EU Targets Russian Crypto Lifeline With Sweeping New Sanctions
The European Union has rolled out its 19th sanctions package against Russia, this time taking aim at the country’s growing use of digital assets to sidestep financial restrictions.
For the first time since the war in Ukraine began, Brussels has introduced measures directly targeting crypto exchanges and payment providers linked to Moscow.
According to the European Commission, Russian oil exporters and financial entities have increasingly turned to cryptocurrencies and stablecoins to keep money flowing despite international barriers. The EU’s new restrictions prohibit crypto payment services and related software originating from Russia, alongside penalties for several banks and energy companies accused of facilitating sanction evasion.

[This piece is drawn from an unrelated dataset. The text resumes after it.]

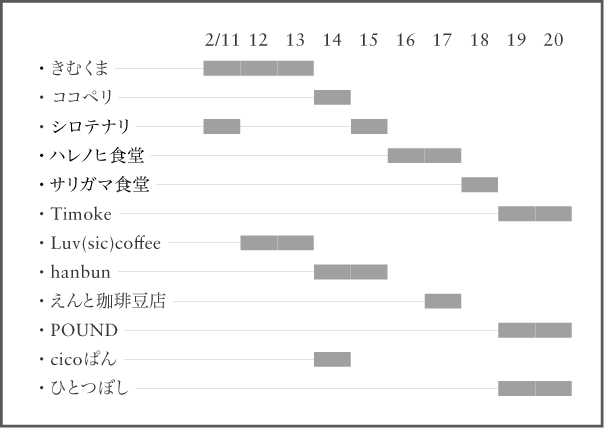 最終日まで、 lunchやcafeの顔ぶれも多彩!!

EU foreign policy chief Kaja Kallas said the latest sanctions extend beyond Russia’s borders, encompassing firms in China, Kyrgyzstan, Tajikistan, Hong Kong, and the UAE allegedly helping Moscow bypass earlier rounds of measures.

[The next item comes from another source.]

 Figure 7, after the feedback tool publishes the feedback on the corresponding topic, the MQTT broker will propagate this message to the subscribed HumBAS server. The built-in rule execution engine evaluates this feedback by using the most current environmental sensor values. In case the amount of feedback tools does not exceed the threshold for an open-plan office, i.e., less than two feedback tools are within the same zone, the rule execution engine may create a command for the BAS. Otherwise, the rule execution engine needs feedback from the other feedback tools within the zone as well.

One of the package’s headline moves is a block-wide ban on the ruble-backed stablecoin A7A5, which officials called a “key instrument” in financing Russia’s war efforts. Both the Kyrgyz issuer of A7A5 and an unnamed crypto platform that handled “significant trading volumes” are now blacklisted.
At least eight banks and oil traders from Central Asia and the Gulf have also been barred from conducting transactions within the EU. The decision follows months of concern over how digital assets are being used to keep Russian trade networks active under the radar.

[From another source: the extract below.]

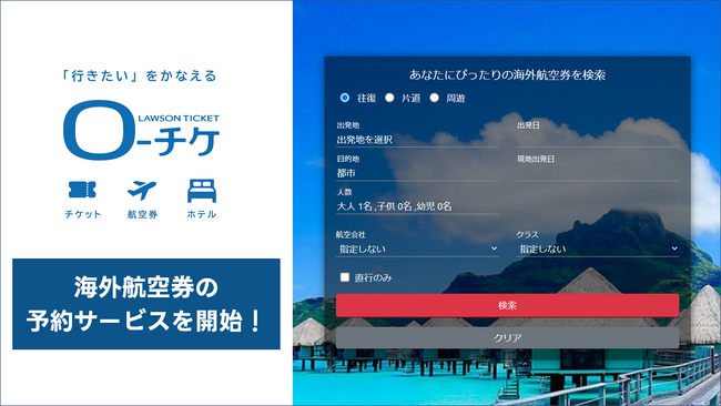 株式会社ローソンエンタテインメント(本社:東京都品川区、代表取締役社長:野口 透)は、航空券・ホテル・ツアーなどの予約を行う『ローチケ[旅行]』において、海外航空券予約サービスを開始いたしました。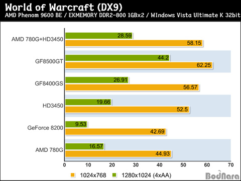 Áö±Ý±îÁöÀÇ °á°ú¿Í´Â ´Ù¸£°Ô AMD 780G ¹× HD 3450ÀÇ ¼º´ÉÀÌ ºñ±³ Á¦Ç°µé¿¡ ºñÇØ ³ôÁö ¾ÊÀº ¸ð½ÀÀ» º¸¿©ÁÖ°í ÀÖ´Ù. ¿ø·¡ WOW°¡ NVIDIA ±×·¡ÇÈ Ä«µå¿¡ ÃÖÀûÈ­µÈ ¸¸Å­ ATI ±×·¡ÇÈÄ«µå¿¡¼­´Â »ó´ëÀûÀ¸·Î ³·Àº ¼º´ÉÀ» º¸¿©ÁÖ°í Àִµ¥, °á±¹ ÇÏÀ̺긮µå Å©·Î½ºÆÄÀ̾ ±¸¼ºÇÑ »óÅ¿¡¼­µµ GeForce 8400GS Á¤µµÀÇ ¼º´É¸¸À» º¸¿©ÁÖ°í ÀÖ´Ù. ƯÈ÷ ÇØ»óµµ¸¦ ³ôÈ÷°í ¸ÖƼ »ùÇøµÀ» 4xAA·Î ¼³Á¤ÇÑ °æ¿ì¿¡´Â AMD 780G + HD3450Á¶ÇÕÀº GeForce 8500GTÀÇ ¾à 65% Á¤µµÀÇ ¼º´É¹Û¿¡ ³»Áú ¸øÇϰí ÀÖ´Ù.

Reports earlier this year suggested Russian energy firms were conducting tens of millions of dollars in crypto payments each month, using assets such as Bitcoin and Tether’s USDT to process cross-border transactions. In a related development, two Russian nationals living in New York were charged in July for laundering more than $540 million through crypto firms that served sanctioned entities.
The new measures mark the EU’s most aggressive attempt yet to close the digital loopholes enabling Russia’s wartime economy – and signal that the next phase of sanctions enforcement will play out directly on the blockchain.